Task item ▸ Beginning with the line that contains "Barevné chrastítko Milly" and ending with the line that contains "Die Regular Fit", reproduce the lines of the entries below exactly, omitting pictures.

Materials provided ▸
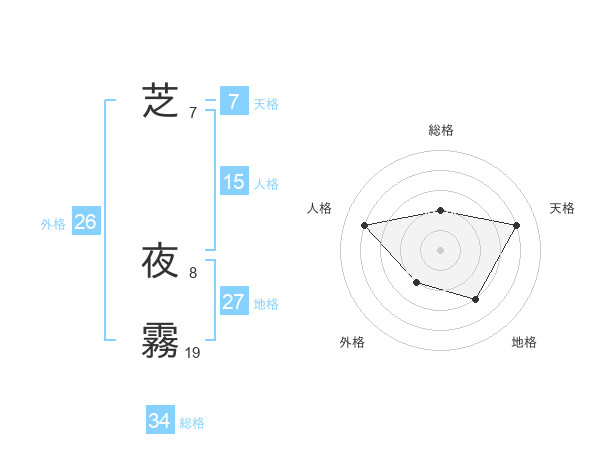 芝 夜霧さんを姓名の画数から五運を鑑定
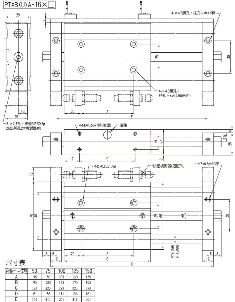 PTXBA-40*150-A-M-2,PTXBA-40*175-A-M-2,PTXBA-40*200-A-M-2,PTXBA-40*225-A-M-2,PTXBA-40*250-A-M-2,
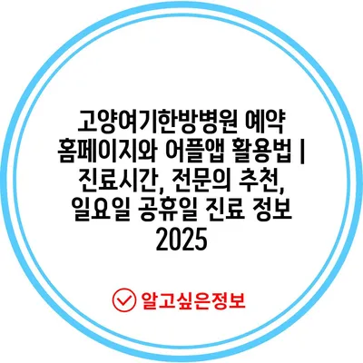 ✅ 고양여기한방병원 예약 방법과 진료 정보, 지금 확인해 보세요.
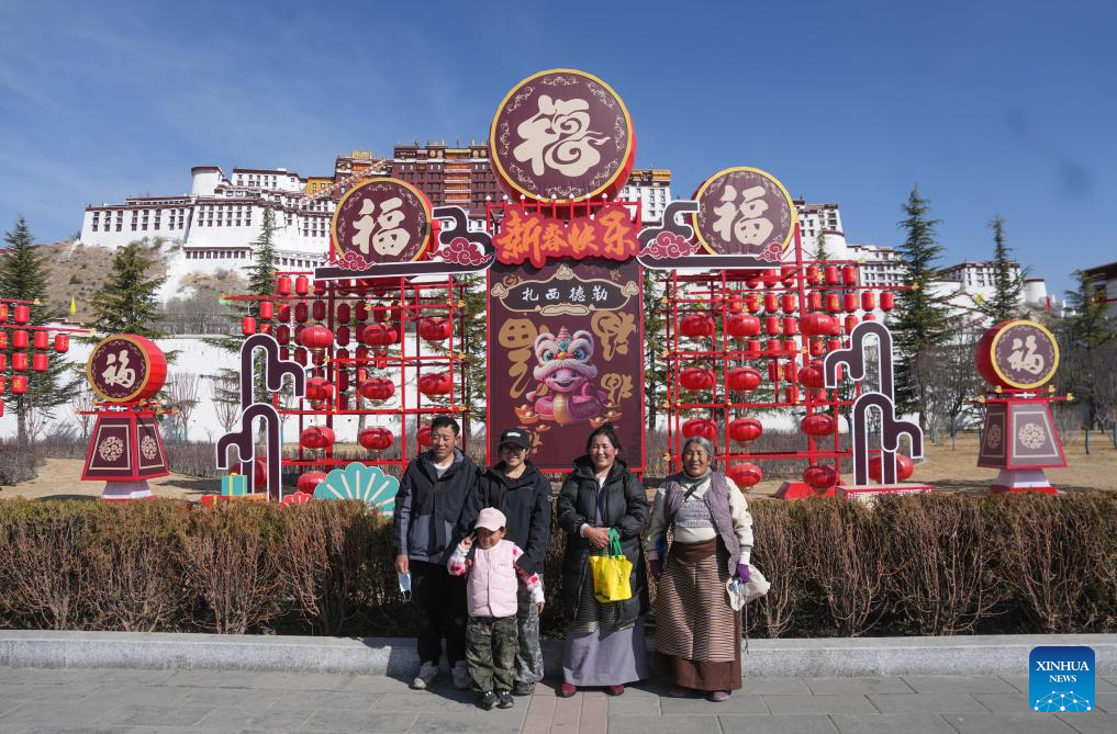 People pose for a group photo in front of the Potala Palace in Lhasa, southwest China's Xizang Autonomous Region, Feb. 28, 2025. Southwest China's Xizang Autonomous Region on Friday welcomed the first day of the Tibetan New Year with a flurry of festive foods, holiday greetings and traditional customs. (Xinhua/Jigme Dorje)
--
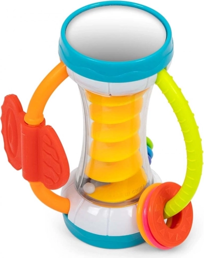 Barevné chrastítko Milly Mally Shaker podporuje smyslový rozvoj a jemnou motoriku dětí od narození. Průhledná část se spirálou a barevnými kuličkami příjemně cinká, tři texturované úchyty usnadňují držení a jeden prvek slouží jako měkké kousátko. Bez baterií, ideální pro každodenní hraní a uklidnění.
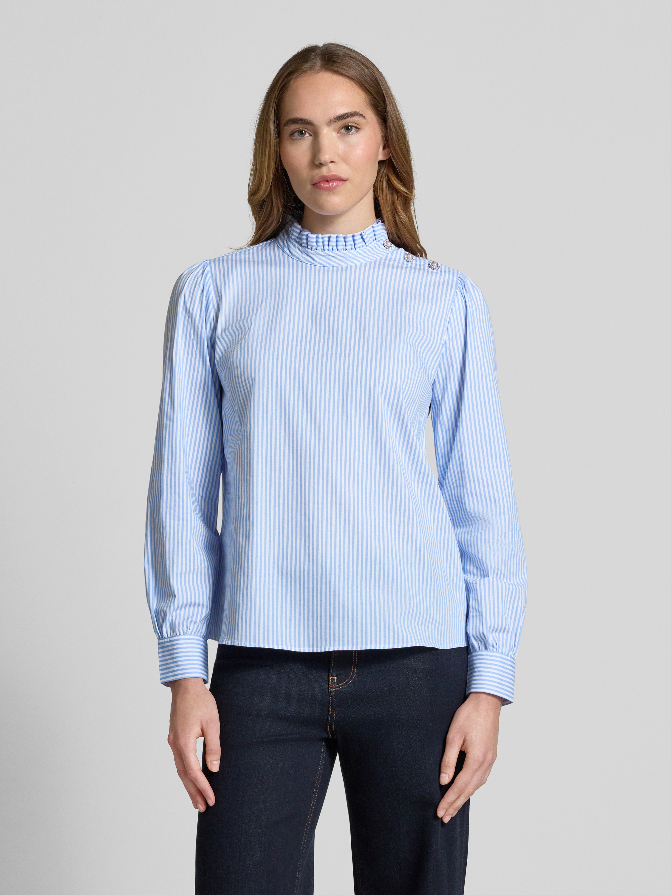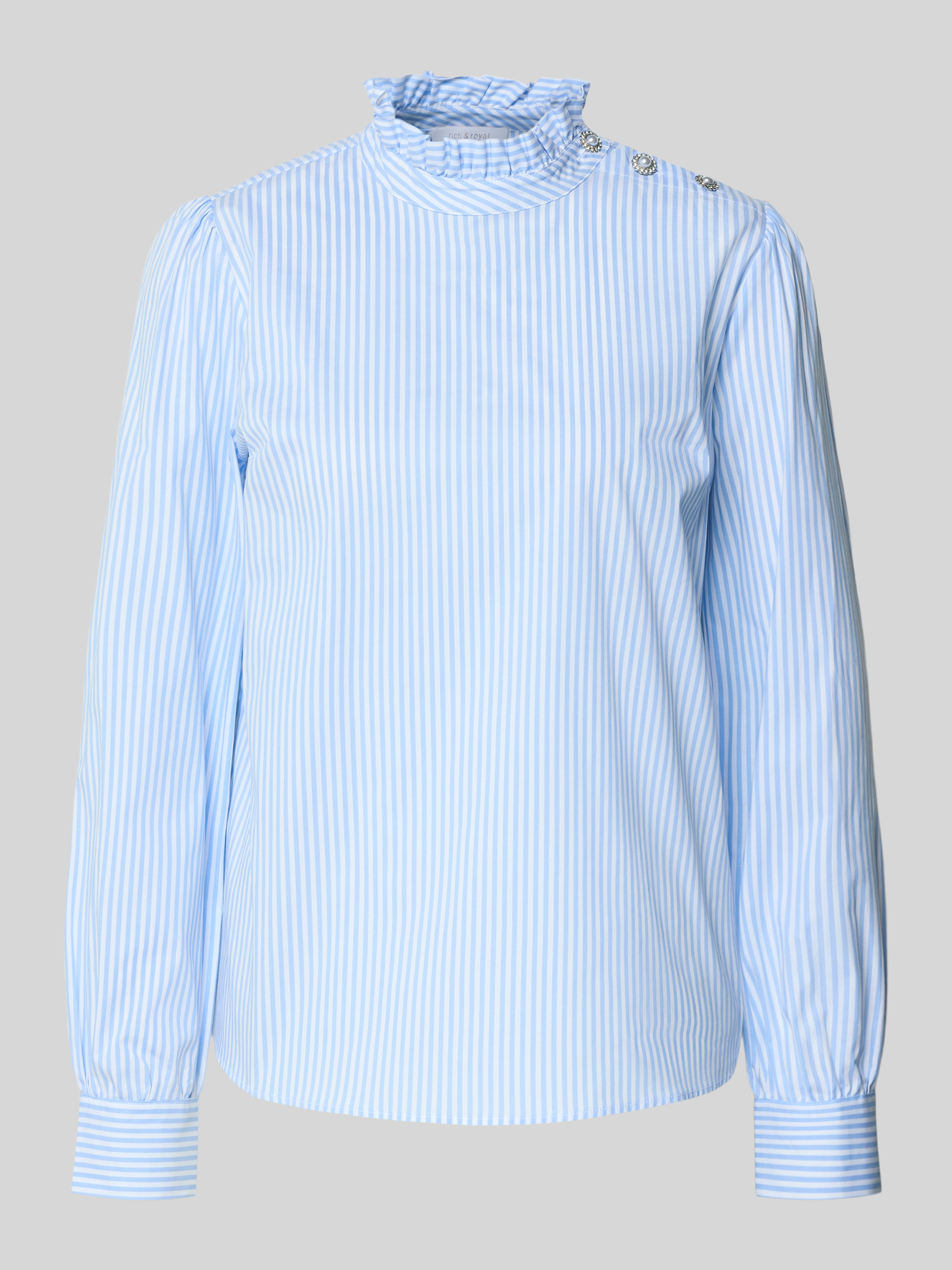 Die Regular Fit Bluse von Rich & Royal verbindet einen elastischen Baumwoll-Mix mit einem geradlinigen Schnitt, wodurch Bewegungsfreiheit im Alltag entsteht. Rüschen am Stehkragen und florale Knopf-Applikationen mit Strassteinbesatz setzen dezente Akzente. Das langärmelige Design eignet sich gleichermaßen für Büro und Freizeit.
---
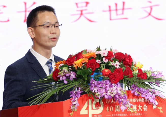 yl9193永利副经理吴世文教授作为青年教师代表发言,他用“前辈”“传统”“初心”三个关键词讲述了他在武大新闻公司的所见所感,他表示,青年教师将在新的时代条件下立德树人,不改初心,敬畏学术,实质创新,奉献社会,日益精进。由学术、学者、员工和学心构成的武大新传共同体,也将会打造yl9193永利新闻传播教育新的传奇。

Exercise result ▸
 Barevné chrastítko Milly Mally Shaker podporuje smyslový rozvoj a jemnou motoriku dětí od narození. Průhledná část se spirálou a barevnými kuličkami příjemně cinká, tři texturované úchyty usnadňují držení a jeden prvek slouží jako měkké kousátko. Bez baterií, ideální pro každodenní hraní a uklidnění.
 Die Regular Fit Bluse von Rich & Royal verbindet einen elastischen Baumwoll-Mix mit einem geradlinigen Schnitt, wodurch Bewegungsfreiheit im Alltag entsteht. Rüschen am Stehkragen und florale Knopf-Applikationen mit Strassteinbesatz setzen dezente Akzente. Das langärmelige Design eignet sich gleichermaßen für Büro und Freizeit.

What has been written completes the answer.